RE: [RFC net-next 0/8] Introducing subdev bus and devlink extension

From: Parav Pandit
Date: Tue Mar 05 2019 - 18:44:43 EST




> -----Original Message-----
> From: linux-kernel-owner@xxxxxxxxxxxxxxx <linux-kernel-
> owner@xxxxxxxxxxxxxxx> On Behalf Of Parav Pandit
> Sent: Tuesday, March 5, 2019 5:17 PM
> To: Kirti Wankhede <kwankhede@xxxxxxxxxx>; Jakub Kicinski
> <jakub.kicinski@xxxxxxxxxxxxx>
> Cc: Or Gerlitz <gerlitz.or@xxxxxxxxx>; netdev@xxxxxxxxxxxxxxx; linux-
> kernel@xxxxxxxxxxxxxxx; michal.lkml@xxxxxxxxxxx; davem@xxxxxxxxxxxxx;
> gregkh@xxxxxxxxxxxxxxxxxxx; Jiri Pirko <jiri@xxxxxxxxxxxx>
> Subject: RE: [RFC net-next 0/8] Introducing subdev bus and devlink extension
>
> Hi Kirti,
>
> > -----Original Message-----
> > From: Kirti Wankhede <kwankhede@xxxxxxxxxx>
> > Sent: Tuesday, March 5, 2019 4:40 PM
> > To: Parav Pandit <parav@xxxxxxxxxxxx>; Jakub Kicinski
> > <jakub.kicinski@xxxxxxxxxxxxx>
> > Cc: Or Gerlitz <gerlitz.or@xxxxxxxxx>; netdev@xxxxxxxxxxxxxxx; linux-
> > kernel@xxxxxxxxxxxxxxx; michal.lkml@xxxxxxxxxxx; davem@xxxxxxxxxxxxx;
> > gregkh@xxxxxxxxxxxxxxxxxxx; Jiri Pirko <jiri@xxxxxxxxxxxx>
> > Subject: Re: [RFC net-next 0/8] Introducing subdev bus and devlink
> > extension
> >
> >
> >
> > > I am novice at mdev level too. mdev or vfio mdev.

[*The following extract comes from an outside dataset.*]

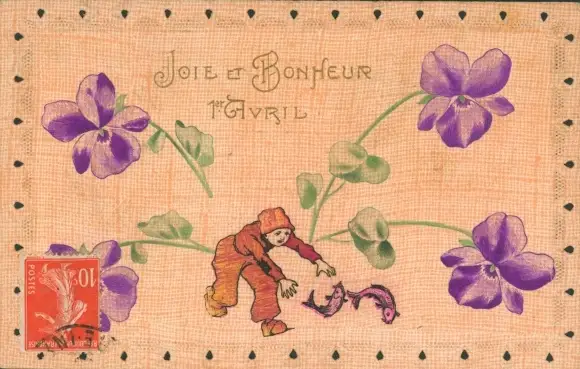 Präge Ak Glückwunsch 1. April, Kind, Fische, Veilchen

> > > Currently by default we bind to same vendor driver, but when it was
> > created as passthrough device, vendor driver won't create netdevice or
> > rdma device for it.
> > > And vfio/mdev or whatever mature available driver would bind at that
> > point.
> > >
> >
> > Using mdev framework, if you want to partition a physical device into
> > multiple logic devices, you can bind those devices to same vendor
> > driver through vfio-mdev, where as if you want to passthrough the
> > device bind it to vfio-pci. If I understand correctly, that is what you are
> looking for.
> >
> >
> We cannot bind a whole PCI device to vfio-pci, reason is, A given PCI device
> has existing protocol devices on it such as netdevs and rdma dev.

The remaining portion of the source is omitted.